Generate synthetic data with known treatment effects for testing.

.. autofunction:: diff_diff.generate_did_data

Example

from diff_diff import generate_did_data

# Generate basic 2x2 DiD data
data = generate_did_data(
    n_units=100,
    n_periods=10,
    treatment_effect=5.0,
    treatment_period=5,
    treatment_fraction=0.5,
    noise_sd=1.0
)

print(data.head())
# Columns: unit_id, period, outcome, treated, post

generate_staggered_data

Generate synthetic staggered adoption data for testing.

.. autofunction:: diff_diff.generate_staggered_data

Example

from diff_diff import generate_staggered_data

data = generate_staggered_data(
    n_units=200,
    n_periods=10,
    cohort_periods=[4, 6, 8],
    seed=42
)

generate_event_study_data

Generate synthetic event study data for testing.

.. autofunction:: diff_diff.generate_event_study_data

generate_ddd_data

Generate synthetic Triple Difference data.

.. autofunction:: diff_diff.generate_ddd_data

generate_factor_data

Generate synthetic data with factor structure for TROP testing.

.. autofunction:: diff_diff.generate_factor_data

generate_panel_data

Generate generic synthetic panel data.

.. autofunction:: diff_diff.generate_panel_data

generate_continuous_did_data

Generate synthetic continuous treatment DiD data with known dose-response.

.. autofunction:: diff_diff.generate_continuous_did_data

generate_reversible_did_data

Generate synthetic reversible-treatment panel data — treatment can switch on and off over time. Use this with :class:`~diff_diff.ChaisemartinDHaultfoeuille` for testing the dCDH estimator on non-absorbing treatments.

.. autofunction:: diff_diff.generate_reversible_did_data

Example

from diff_diff import generate_reversible_did_data, ChaisemartinDHaultfoeuille

data = generate_reversible_did_data(
    n_groups=80,
    n_periods=6,
    pattern="single_switch",  # or "joiners_only", "leavers_only", "mixed_single_switch"
    treatment_effect=2.0,
    seed=42,
)

est = ChaisemartinDHaultfoeuille()
results = est.fit(
    data, outcome="outcome", group="group",
    time="period", treatment="treatment",
)

Indicator Creation

make_treatment_indicator

Create binary treatment indicator from categorical or numeric columns.

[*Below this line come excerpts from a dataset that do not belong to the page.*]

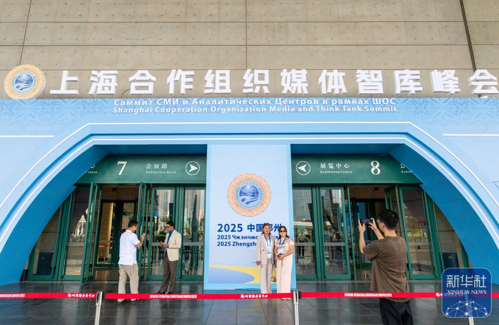 ↑ 7月24日,在河南郑州举行的上海合作组织媒体智库峰会会场外,与会代表合影留念。新华社记者 伍婧丹 摄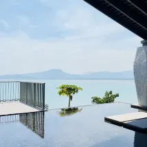 Khách sạn nằm trên một ngọn núi được bao quanh bởi biển ba mặt, có tầm nhìn rộng và có thể nhìn thấy bầu trời đầy sao tuyệt đẹp vào ban đêm. Phong cách thiết kế kiến trúc cao cấp và đầy đủ chi tiết; dịch vụ chu đáo, nhân viên phục vụ sẽ ghi nhớ sở thích về phòng và bữa ăn của bạn; Tôi đã trải nghiệm cả ba bữa ăn, bữa sáng kiểu Ý tinh tế và đẹp mắt, còn đồ ăn Thái thì có. hương vị và giá cả độc đáo; còn có múa lân trong các buổi biểu diễn Lễ hội mùa xuân, phong bao lì xì màu đỏ và những bất ngờ nhỏ khác. Xung quanh khách sạn không có doanh nghiệp nào và cần phải giao tiếp bằng tiếng Anh. Nếu bạn có kỹ năng tiếng Anh và muốn tận hưởng kỳ nghỉ của mình, tránh xa đám đông thì đây là một lựa chọn tốt.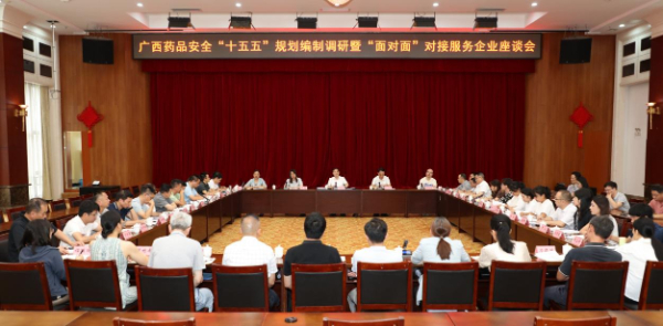 2025年8月15日,广西药品平安“十五五”规划编制调研暨“面临面”对接办事企业座谈会正在南宁召开。(广西药监局供图)。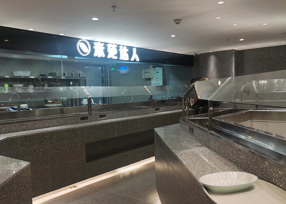 通过调研分析,我们希望打破常规模式采用自选称重的方式,不仅增加客人餐盘上的食材品种,也减少服务需求,为增加高峰时期的人流速度,我们规划了2条自选动线,以此提高高峰时期的效率。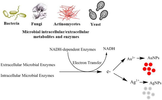 Ovais, M.; Khalil, A.T.; Ayaz, M.; Ahmad, I.; Nethi, S.K.; Mukherjee, S. Biosynthesis of Metal Nanoparticles via Microbial Enzymes: A Mechanistic Approach. Int. J. Mol. Sci. 2018, 19, 4100. https://doi.org/10.3390/ijms19124100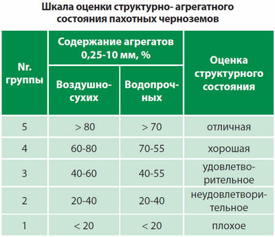 В. В. Медведев (1979) относит к показателям, которые характеризуют структурное состояние содержание структурных фракций 0,25-10 мм (агрономически ценная структура и содержание водопрочных агрегатов 0,25 мм).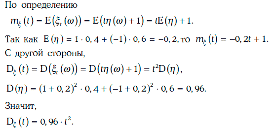 Пример 1.70. Найдем математическое ожидание и дисперсию случайного процесса из примера 1.68.

.. autofunction:: diff_diff.make_treatment_indicator

Example

from diff_diff import make_treatment_indicator

# From categorical
data = make_treatment_indicator(
    data,
    column='group',
    treated_values='treatment'
)

# From numeric threshold
data = make_treatment_indicator(
    data,
    column='exposure',
    threshold=0.5,
    new_column='high_exposure'
)

make_post_indicator

Create post-treatment period indicator.

.. autofunction:: diff_diff.make_post_indicator

Example

from diff_diff import make_post_indicator

data = make_post_indicator(
    data,
    time_column='period',
    treatment_start=5
)

Panel Data Utilities

wide_to_long

Reshape wide panel data to long format.

.. autofunction:: diff_diff.wide_to_long

Example

from diff_diff import wide_to_long

# Wide format: each column is a time period
# unit_id, y_2019, y_2020, y_2021, y_2022
long_data = wide_to_long(
    wide_data,
    id_col='unit_id',
    value_name='outcome',
    var_name='year'
)

balance_panel

Balance panel data by filling or dropping incomplete observations.

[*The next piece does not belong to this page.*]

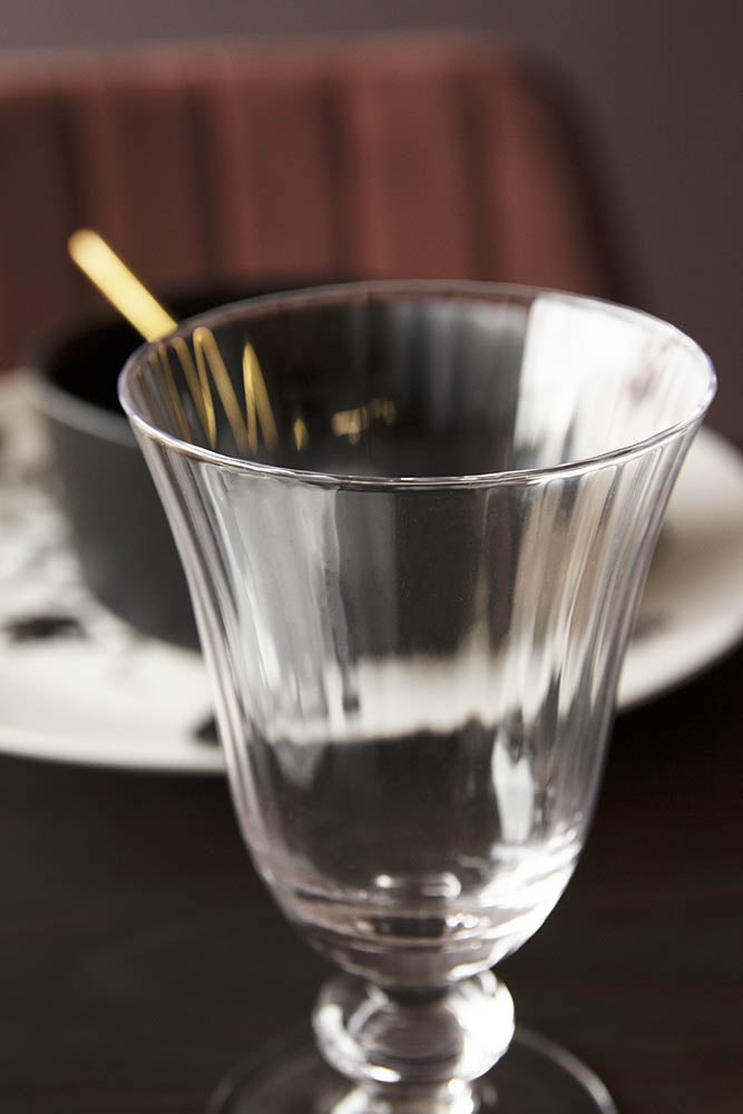 Sold in a set of 6, the glasses feature a short stem and large ribbed glass top. Each glass measures 14cm in height x 9cm in diameter.

.. autofunction:: diff_diff.balance_panel

Example

from diff_diff import balance_panel

# Fill missing periods with NaN
balanced = balance_panel(
    data,
    unit_column='unit_id',
    time_column='period',
    method='fill'
)

# Or keep only units with all periods (default)
balanced = balance_panel(
    data,
    unit_column='unit_id',
    time_column='period',
    method='inner'
)

Staggered Adoption Utilities

create_event_time

Create event-time column for staggered adoption designs.

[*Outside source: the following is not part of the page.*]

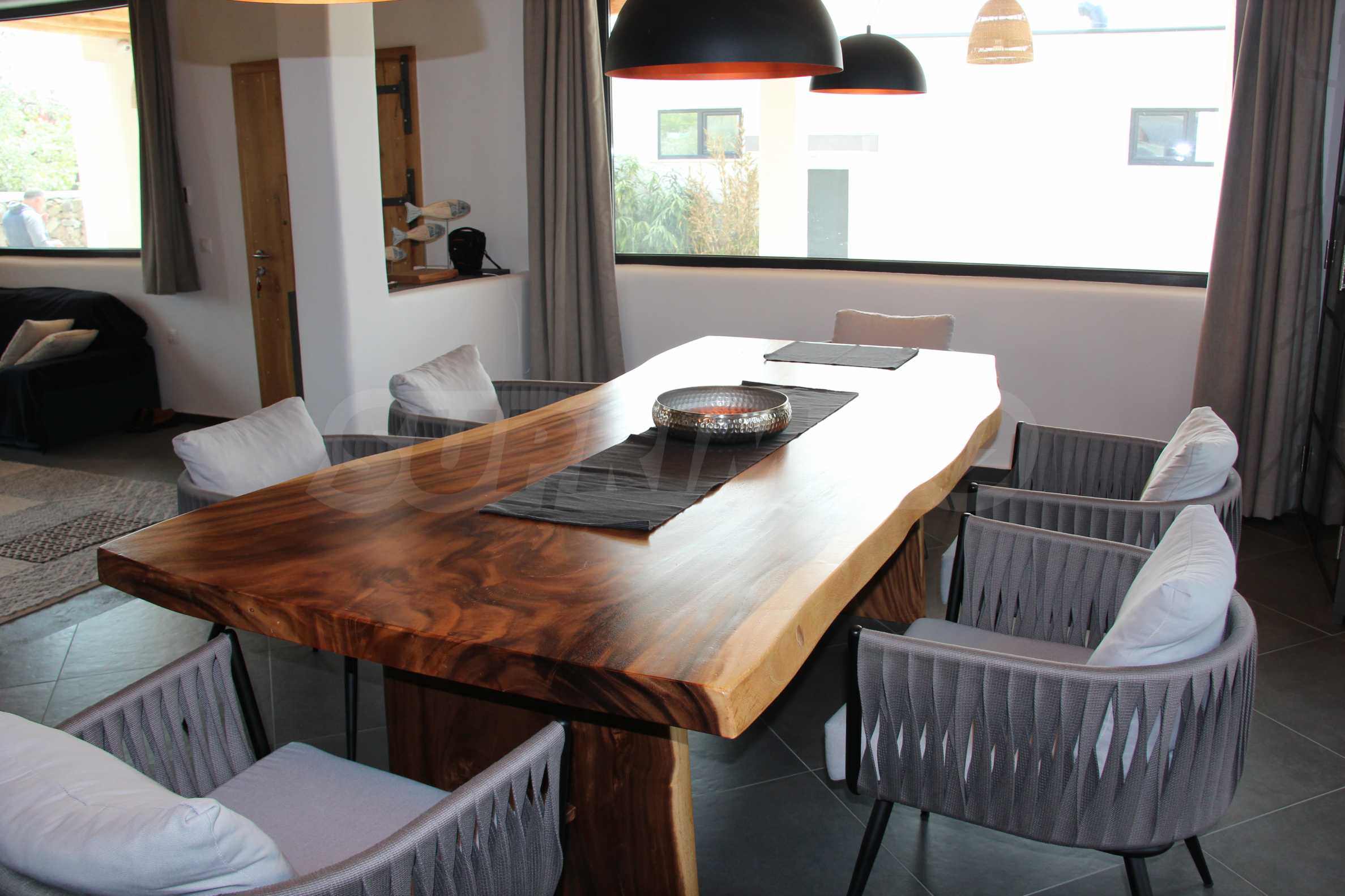 Die Villa wurde nach einem Designprojekt in einem Stil fertiggestellt, der eine interessante Mischung aus Mittelmeer und Afrika vereint. Das Äußere ist im gleichen Stil gehalten, ebenso wie eine voll ausgestattete Profiküche, entwickeltes Restaurant mit einer Kapazität von 100 Sitzplätzen. Hinter dem Restaurant befindet sich ein wunderschöner Pool. Im Innenhof des Anwesens werden aus Griechenland mitgebrachte Olivenbäume und Kakteen gepflanzt und alle Pflanzen werden mit Tropfbewässerung bewässert.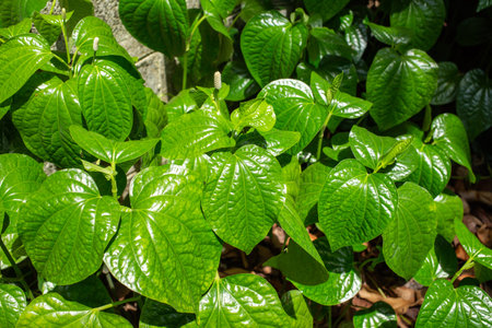 Top view of Wildbetal Leafbush (Piper sarmentosum Roxb.). Green leaves texture background. Herbal medicine. Natural source of calcium food from herbs leaves. Green leaves in jungle for organic concept

.. autofunction:: diff_diff.create_event_time

Example

from diff_diff import create_event_time

data = create_event_time(
    data,
    time_column='period',
    treatment_time_column='first_treat'
)

# event_time = period - first_treat
# Negative values: pre-treatment
# Zero: treatment period
# Positive values: post-treatment
# NaN for never-treated

aggregate_to_cohorts

Aggregate unit-level data to cohort means.

.. autofunction:: diff_diff.aggregate_to_cohorts

Example

from diff_diff import aggregate_to_cohorts

cohort_data = aggregate_to_cohorts(
    data,
    unit_column='unit_id',
    time_column='period',
    treatment_column='first_treat',
    outcome='outcome'
)

Survey Aggregation

aggregate_survey

Aggregate survey microdata to geographic-period cells with design-based precision.

.. autofunction:: diff_diff.aggregate_survey

Example

from diff_diff import aggregate_survey, SurveyDesign, DifferenceInDifferences

# Define the survey design for the microdata
design = SurveyDesign(weights="finalwt", strata="strat", psu="psu")

# Aggregate to state-year panel with design-based SEs
panel, stage2 = aggregate_survey(
    microdata,
    by=["state", "year"],
    outcomes="smoking_rate",
    covariates=["age", "income"],
    survey_design=design,
)

# panel has: state, year, smoking_rate_mean, smoking_rate_se,
#   smoking_rate_n, smoking_rate_precision, smoking_rate_weight,
#   age_mean, income_mean, cell_n, cell_n_eff, cell_sum_w, srs_fallback
#
# *_weight is fit-ready: unit-constant population weight (pweight, default)
#   or cleaned precision with NaN/Inf -> 0.0 (aweight opt-in).
# cell_sum_w is a per-cell diagnostic (sum of survey weights per cell).
# Non-estimable cells and zero-weight geos are dropped automatically.

# stage2 is pre-configured: pweights + state-level clustering
# Add treatment/time indicators at the panel level, then fit:
# panel["treated"] = ...  # from policy adoption data
# panel["post"] = (panel["year"] >= treatment_year).astype(int)
# result = DifferenceInDifferences().fit(
#     panel, outcome="smoking_rate_mean",
#     treatment="treated", time="post", survey_design=stage2,
# )

Data Validation

validate_did_data

Validate data structure for DiD analysis.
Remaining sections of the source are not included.